С тех пор диковинный этот лук был у Калининых неизменным украшением праздничного стола. Стригли его под Новый год, к Мая, в Октябрьскую годовщину и к дням семейных торжеств. В остальное время он своей пушистой, изумрудной зеленью украшал подоконник. Теперь от дерна, сплошь занимавшего ящик, оставался лишь небольшой хохолок. Весь лук был недавно снят Варварой Алексеевной и в день Красной Армии отнесен в подшефный госпиталь. И вот, насадив на нос очки, что он делал, когда предвиделась особо тонкая работа, Степан Михайлович осторожно, чтобы не повредить маленькие луковички, ножницами состригал остатки.
Впервые после освобождения у стариков собралась вся семья: Ксения с Юноной, Анна с ребятишками, Арсений с Ростиком. Пришел даже друг Степана Михайловича сторож Ткаченко, известный на фабрике под прозвищем «Гонок-бобыль», пустослов, которого лишь фабричные старожилы помнили курчавым конторщиком, сердцеедом и гитаристом.
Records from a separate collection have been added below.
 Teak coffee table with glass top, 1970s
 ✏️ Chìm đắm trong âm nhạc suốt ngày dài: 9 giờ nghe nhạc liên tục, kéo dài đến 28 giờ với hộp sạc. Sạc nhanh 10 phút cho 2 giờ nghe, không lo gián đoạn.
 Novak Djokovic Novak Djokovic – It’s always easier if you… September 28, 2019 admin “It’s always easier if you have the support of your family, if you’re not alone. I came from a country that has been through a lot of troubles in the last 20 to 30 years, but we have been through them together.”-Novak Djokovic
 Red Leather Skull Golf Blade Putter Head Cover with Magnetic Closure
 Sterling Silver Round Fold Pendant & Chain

Калинины умели работать, но умели при случае и погулять. До войны в этой комнате накрывали такой стол, что потом у гостей не один день головы трещали. На этот раз каждый принес с собой кто что смог. Сам Степан Михайлович сумел раздобыть лишь несколько тощих селедок, которые, вымоченные по особому, ему одному известному способу в чае, а затем в молоке, были поставлены в центре стола, да литровку спирта, добытую путями, о которых он предпочитал умалчивать. Куров принес блюдо с редькой, настроганной с помощью рубанка на тончайшие, прозрачные ломтики, Ксения — пару банок мясных консервов, а Анна — кастрюлю вареной картошки, которую доставили закутанной в головной платок. Лучок должен был оживить эти нехитрые яства военного времени.
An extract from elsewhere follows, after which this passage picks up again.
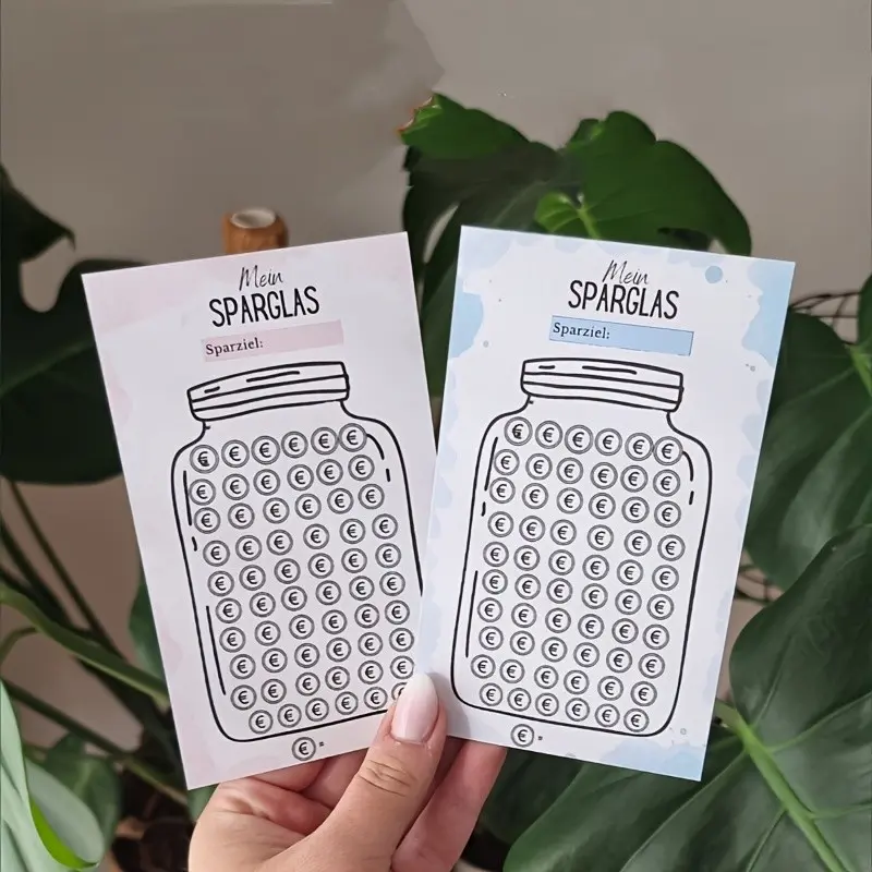 【Visual Tracking】: "Mein Sparglas" visual saving cards help you track savings progress easily and effectively.

Когда все уселись, старик, одетый в темную тройку, торжественно поднял стакан:
— За солдатика нашего, за Женю, за Белочку… Трудовые ордена в семье Калининых водились, а боевой — первый. Омоем, друзья, как следует, чтоб эмаль с него не слезла.
Серьезно, будто выполняя какой-то обряд, старик до дна осушил стопку разбавленного спирта, перевернул и для убедительности постукал ею себя по розовеющей сквозь седой волос маковке. А Юнона, не моргнув глазом, тут же добавила:
— За тех, кто воспитал такую героиню.
Если бы Женя присутствовала на этом семейном торжестве, послушала, что о ней говорили, когда хмель развязал языки, поглядела бы, с какой гордостью произносилось за столом ее имя, — она, может, скорее позабыла бы то тяжкое, что довелось ей пережить под крышей этого общежития.
Небогато было торжество, но природное веселье брало свое, и понемногу отступали усталость, заботы, тревоги о близких, воевавших на разных фронтах. Сначала робко, потом громче зазвучали песни. Под скромной внешностью Гонка уже просыпался былой фабричный лев. Старик сторож в застиранной гимнастерке горстями сыпал старые анекдоты, болтал, острил, все чаще добавляя к словам давно всеми позабытую частицу «с», и бойким движением головы будто отбрасывал назад волосы, забывая, что на месте былых кудрей у него лишь мягкий стариковский пушок. Он выпросил у Арсения гитару и, уставив на Анну свои уже замутневшие глаза, дребезжа струнами, пел «с рыданием»:
…Осподи, хотя бы позвонили,
К телефону только б подошли.
Анна хохотала до слез, а Варвара Алексеевна, с молодых лет считавшая Гонка пустобрехом, бросала на него сердитые взгляды.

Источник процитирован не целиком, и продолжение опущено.